Becoming a Firefighter: Psychological Tests for Firefighters

By — McGraw-Hill Professional
Updated on Jun 26, 2011

The work of first responders is difficult, to say the least. Emotions run high during fire and emergency incidents. Psychological tests are administered and interpreted by psychologists as part of the overall recruitment process to help the fire service determine whether candidates are mentally prepared to cope with the stressful nature of the job.

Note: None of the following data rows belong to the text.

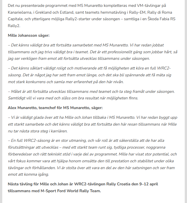 Målet för säsongen är tydligt: att etablera sig i världstoppen, samla rutin på högsta nivå och utmana om pallplatser när möjligheten ges. Teamchef Alex Munaretto betonar vikten av stabilitet och rätt tekniskt stöd för att Mille ska kunna omsätta sin stora potential till resultat i den tuffa WRC2-konkurrensen.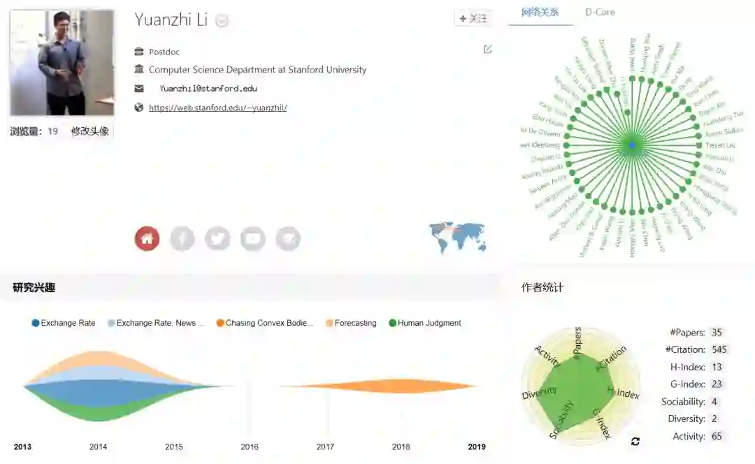 斯坦福大学计算机科学系博士后Yuanzhi Li有6篇论文入选。Yuanzhi Li本科毕业于清华大学,获得了计算机科学和数学学士学位。博士前往普林斯顿大学计算机科学系就读,师从Sanjeev Arora教授。他的研究方向为机器学习,目标是为机器学习问题设计有效且可验证的算法。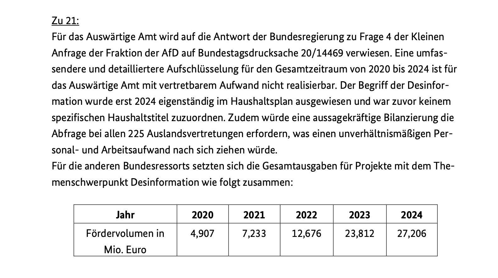 Eindrücklich ist der enorme Anstieg bei den Mittelzuwendungen der Bundesregierung im Themenfeld „Desinformation“. 2020 betrug das Fördervolumen „für Projekte mit dem Themenschwerpunkt Desinformation“ 4,9 Millionen Euro. Nur vier Jahre später finanzierte die Bundesregierung das Thema bereits mit 27,2 Millionen Euro – eine Steigerung um mehr als 450 Prozent. Der Betrag ist zudem mutmaßlich signifikant höher, weil sich das Auswärtige Amt im Gegensatz zu allen anderen Ministerien weigerte („nicht vertretbarer Aufwand“), eine Aufschlüsselung der Ausgaben zu diesem Themenfeld vorzulegen: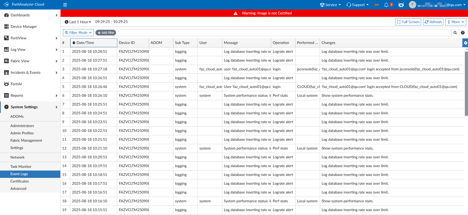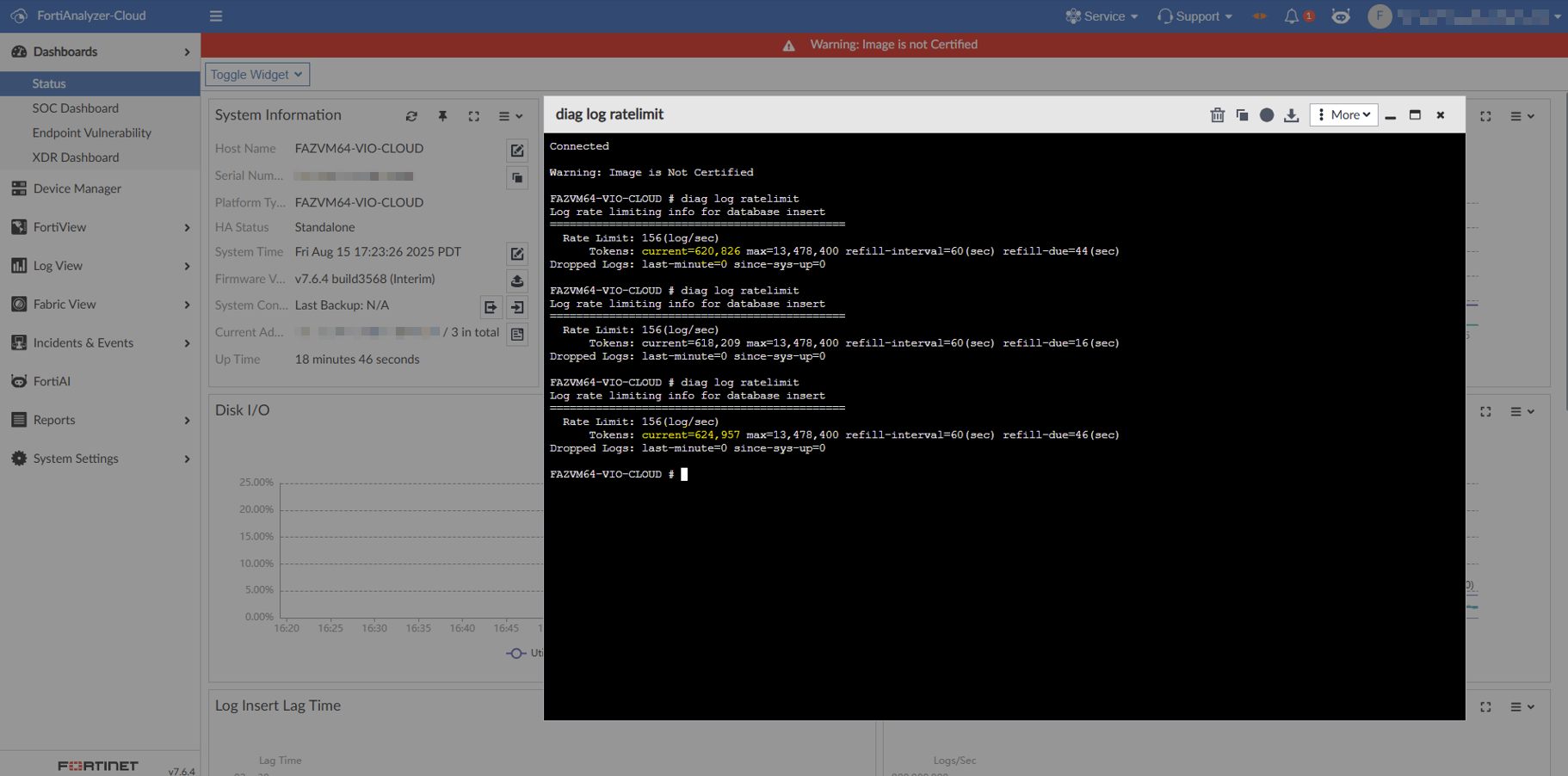 Log rate limiting info for database insert ============================================= Rate Limit: 156(log/sec) Tokens: current=570,958 max=13,478,400 refill-interval=60(sec) refill-due=37(sec) Dropped Logs: last-minute=0 since-sys-up=0Rate LimitThe maximum number of logs that FortiAnalyzer Cloud per second. This is the same as the Peak Log Rate. Tokenscurrent: The number of tokens currently available.max: The maximum number of tokens available in a 24 hour period.refill-Interval: The amount of time between each token refill.refill-due: The amount of time remaining until the next token refill. When therefill-dueamount reaches0, the tokens will be refilled.Dropped Logslast-minute: The number of logs dropped in the last minute.since-sys-up: The number of logs dropped since the system was started.

Psychological tests assess and evaluate information that you provide to the examiner. Generally the information is gathsered through a series of written true or false questions, answers to questions read off a computer screen, and answers to interview questions. The accuracy of the test depends mainly on how pragmatically you answer the questions. Reviewing prior civil service standard professional psychological tests is difficult to do because the security of the tests must be maintained for ethical reasons. It is not so important that you know what questions you are going to be asked as it is to know what the examiner is trying to assess. This chapter provides you with a general understanding of what psychological tests are all about.

Civil service psychological tests can be broken down into three parts: occupational, personality, and polygraph. The following provides a short synopsis of these three major components of the test.


In general, an occupational test seeks to match the interests, knowledge, abilities, and other characteristics of the candidate with those of firefighters already on the job. The theory behind this part of the test is that if you demonstrate attributes similar to most firefighters, then there is a good chance that you will acclimate readily to your new profession and fit in easily with fellow workers.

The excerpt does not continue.